Motuporamine Derivatives as Antimicrobial Agents and Antibiotic Enhancers against Resistant Gram-Negative Bacteria

Abstract

Dihydromotuporamine C and its derivatives were evaluated for their in vitro antimicrobial activities and antibiotic enhancement properties against Gram-negative bacteria and clinical isolates. The mechanism of action of one of these derivatives, MOTU-N44, was investigated against Enterobacter aerogenes by using fluorescent dyes to evaluate outer-membrane depolarization and permeabilization. Its efficiency correlated with inhibition of dye transport, thus suggesting that these molecules inhibit drug transporters by de-energization of the efflux pump rather than by direct interaction of the molecule with the pump. This suggests that depowering the efflux pump provides another strategy to address antibiotic resistance.

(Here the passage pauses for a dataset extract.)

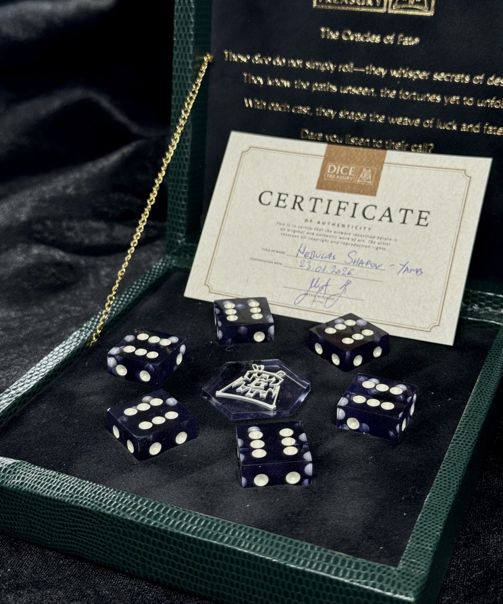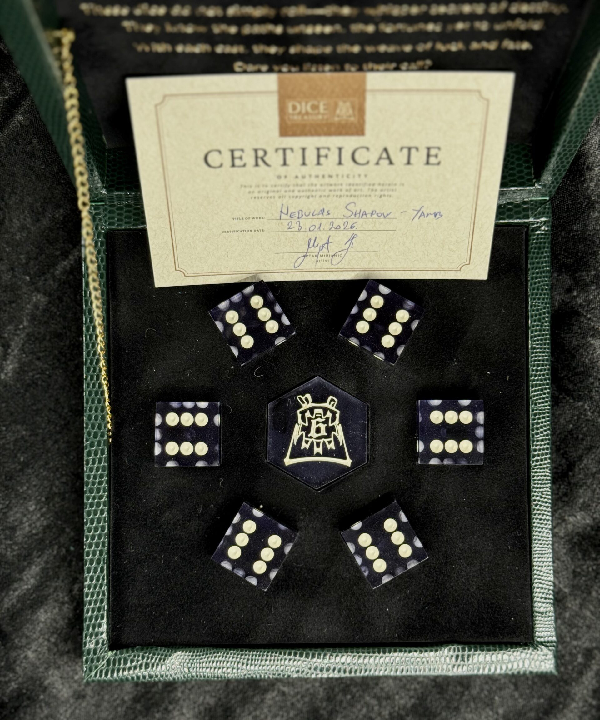 To complete the experience, a signed certificate of authenticity is included, certifying the handmade nature and originality of your unique Yamb set.
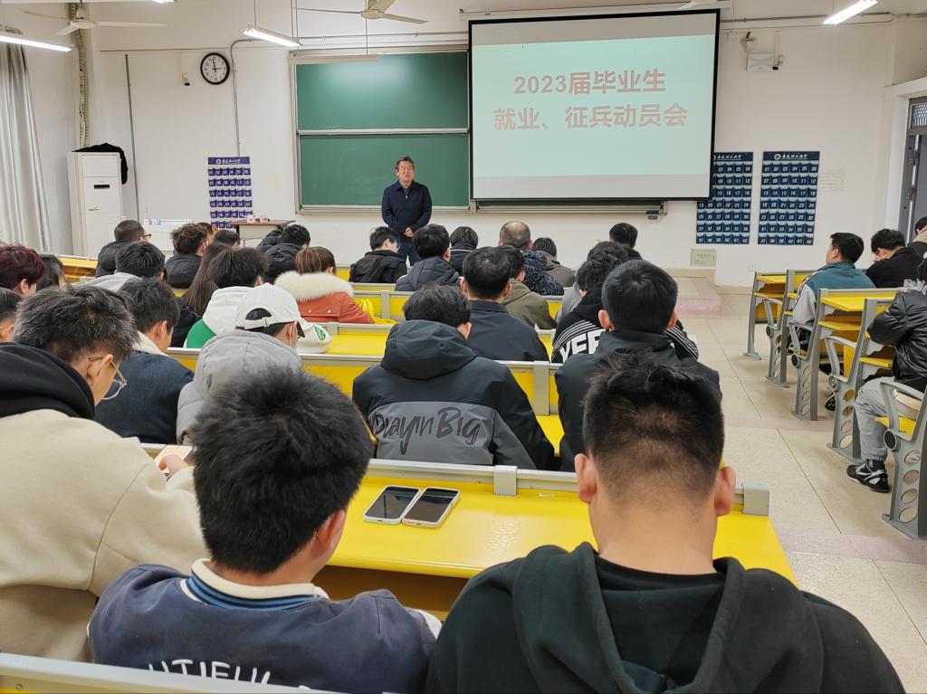 在明理南206教室召开2023届毕业生就业暨征兵工作动员会。学院党委副书记孙东升、校武装部国防动员科徐意刚老师出席会议。学院2023届毕业生100余人参加了会议。

Keywords: antibiotics; antimicrobial agents; bacterial resistance; membranes; motuporamine; polyamine derivatives.

Scheme 1

Motuporamine compounds 1–6, anthracenyl compounds 1–7 squalamine 8, and spermine 9.

Figure 1

The effect of squalamine (100 μg mL⁻¹), spermine (100 μg mL⁻¹), and 5 b (MOTU‐N44, 100 μg mL⁻¹) on ATP release kinetics for Gram‐positive bacteria S. aureus.

Figure 2

Depolarization of the bacterial membrane of S. aureus in the presence of 2.6 and 5.2 μm squalamine, spermine, or 5 b (MOTU‐N44).

Figure 3

MOTU‐N44 (5 b) has multiple effects on the cell membrane of the Gram‐negative bacterium E. aerogenes EA289. a) Outer‐membrane permeabilization detected by nitroceflin hydrolysis, in a dose‐and time‐dependent manner. b) Dose‐dependent inner‐membrane depolarization quantified by the release of DiSC₃(5). c) Membrane disruption revelaed by APT efflux. d) Inhibition of glucose‐triggered 1,2′‐diNA release via effux pumps.

Figure 4

Time‐kill curves of 5 b (MOTU‐N44, 4×MIC) over 4 h against EA289 bacteria.

Figure 5

Cell viability of EA289 in the presence of 5 b (MOTU‐N44, 4×MIC).